Data -
┄┄┄┄┄┄┄┄┄┄┄┄┄┄┄┄┄┄┄┄
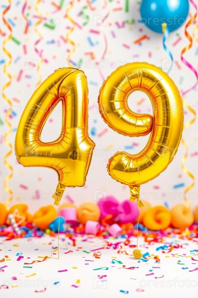 Гелий день рождения воздушный шар номер сорок девять, золотые буквы фигура 49 праздник праздничный фон
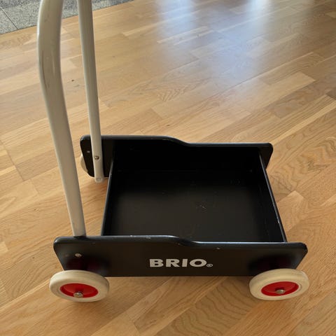 BRIO Træ Legevogn i sort farve med hvide og røde hjul. Vognen har et håndtag i metal og er designet til børn. Den er velegnet til leg og transport af legetøj.
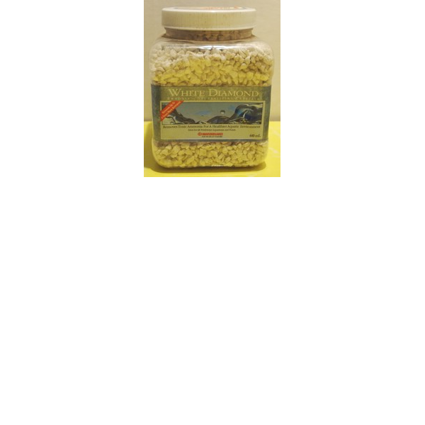 INGLES: White Diamond Ammonia-Neutralizing Crystals are ideal for all freshwater aquariums and ponds. White Diamond removes up to 4 times more deadly ammonia to keep water clean and fish-safe. It protects against sudden ammonia "spikes" and helps control the presence of ammonia...especially during the break-in period. 440 ml.
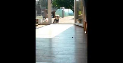 Tento pes skutečně čekají na otevření neviditelné dveře
┄┄┄┄┄┄┄┄┄┄┄┄┄┄┄┄┄┄┄┄
The problem - Restate the material above word for word, so that nothing changes except that the pictures are gone.

Task solution -
 Гелий день рождения воздушный шар номер сорок девять, золотые буквы фигура 49 праздник праздничный фон
 BRIO Træ Legevogn i sort farve med hvide og røde hjul. Vognen har et håndtag i metal og er designet til børn. Den er velegnet til leg og transport af legetøj.
 INGLES: White Diamond Ammonia-Neutralizing Crystals are ideal for all freshwater aquariums and ponds. White Diamond removes up to 4 times more deadly ammonia to keep water clean and fish-safe. It protects against sudden ammonia "spikes" and helps control the presence of ammonia...especially during the break-in period. 440 ml.
 Tento pes skutečně čekají na otevření neviditelné dveře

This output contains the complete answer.